Key Clinical Updates in Cryoglobulinemia
Interferon-free direct-acting antiviral agents are preferred because of the excellent long-term response in clinical trials.
Cryoglobulinemia can be associated with an immune-complex mediated, small-vessel vasculitis. Chronic infection with hepatitis C is the most common underlying condition; cryoglobulinemic vasculitis also can occur with other chronic infections (such as subacute bacterial endocarditis, osteomyelitis, HIV, and hepatitis B), with connective tissue diseases (especially Sjögren syndrome), and with lymphoproliferative disorders. The cryoglobulins associated with vasculitis are cold-precipitable immune complexes consisting of rheumatoid factor and IgG (rheumatoid factor is an autoantibody to the constant region of IgG). The rheumatoid factor component can be monoclonal (type II cryoglobulins) or polyclonal (type III cryoglobulins). Type I cryoglobulins are cryoprecipitable monoclonal proteins that lack rheumatoid factor activity; these cause cold-induced hyperviscosity syndromes, not vasculitis, and are associated with B-cell lymphoproliferative diseases.

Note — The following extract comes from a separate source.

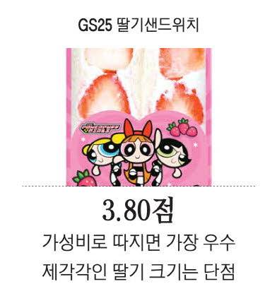 3위를 차지한 GS25의 '딸기샌드위치'는 개성이 크게 강하지 않아 호불호가 덜하다는 평을 받았다. 개인 최고점을 준 안 기자는 "가성비와 딸기 상태 등을 전반적으로 고려했을 때 1등으로 꼽힌다"며 "딸기 함량이 같은 가격대의 제품보다 높다"고 밝혔다. 박 기자는 "파워퍼프걸 패키지가 딸기샌드위치의 이미지와 잘 맞아떨어져 비주얼이 가장 좋다"며 "개성이 강하진 않지만 무난하고 예상 가능한 방향으로 잘 만든 딸기 샌드위치"라고 평했다. 김규식 기자도 "다소 평범한 맛으로 딸기향이 강하지 않은 편"이라면서 "가볍게 우유와 먹을 수 있는 샌드위치"라고 평했다. 반면에 딸기 크기가 균일하지 못하다는 평도 있었다. 박 기자는 "샌드위치에 들어간 딸기의 크기가 제각각인 경우가 많다"며 "어떤 딸기는 너무 작고, 어떤 건 너무 커서 딸기의 존재감이 씹을 때마다 다르게 느껴진다"고 밝혔다.

Cryoglobulinemic vasculitis typically manifests as recurrent palpable purpura (predominantly on the lower extremities) and peripheral neuropathy. A proliferative glomerulonephritis may develop and can manifest as rapidly progressive glomerulonephritis. Abnormal liver biochemical tests, abdominal pain, digital gangrene, and pulmonary disease may also occur. The diagnosis is based on a compatible clinical picture and a positive serum test for cryoglobulins. The presence of a disproportionately low C4 level or rheumatoid factor or both can be diagnostic clues to the presence of cryoglobulinemia.
Antiviral regimens are first-line therapy for hepatitis C–associated cryoglobulinemic vasculitis that is neither life-nor organ-threatening. Interferon-free direct-acting antiviral agents are preferred because of the excellent long-term response in clinical trials. Patients with severe cryoglobulinemic vasculitis (eg, extensive digital gangrene, extensive neuropathy, and rapidly progressive glomerulonephritis) and hepatitis C should receive immunosuppressive therapy with corticosteroids and either rituximab or cyclophosphamide as well as antiviral treatment. Plasma exchange may provide additional benefit in selected cases. Relapse of vasculitis with cryoglobulinemia following clearing of hepatitis C infection has been reported in a small percentage of patients.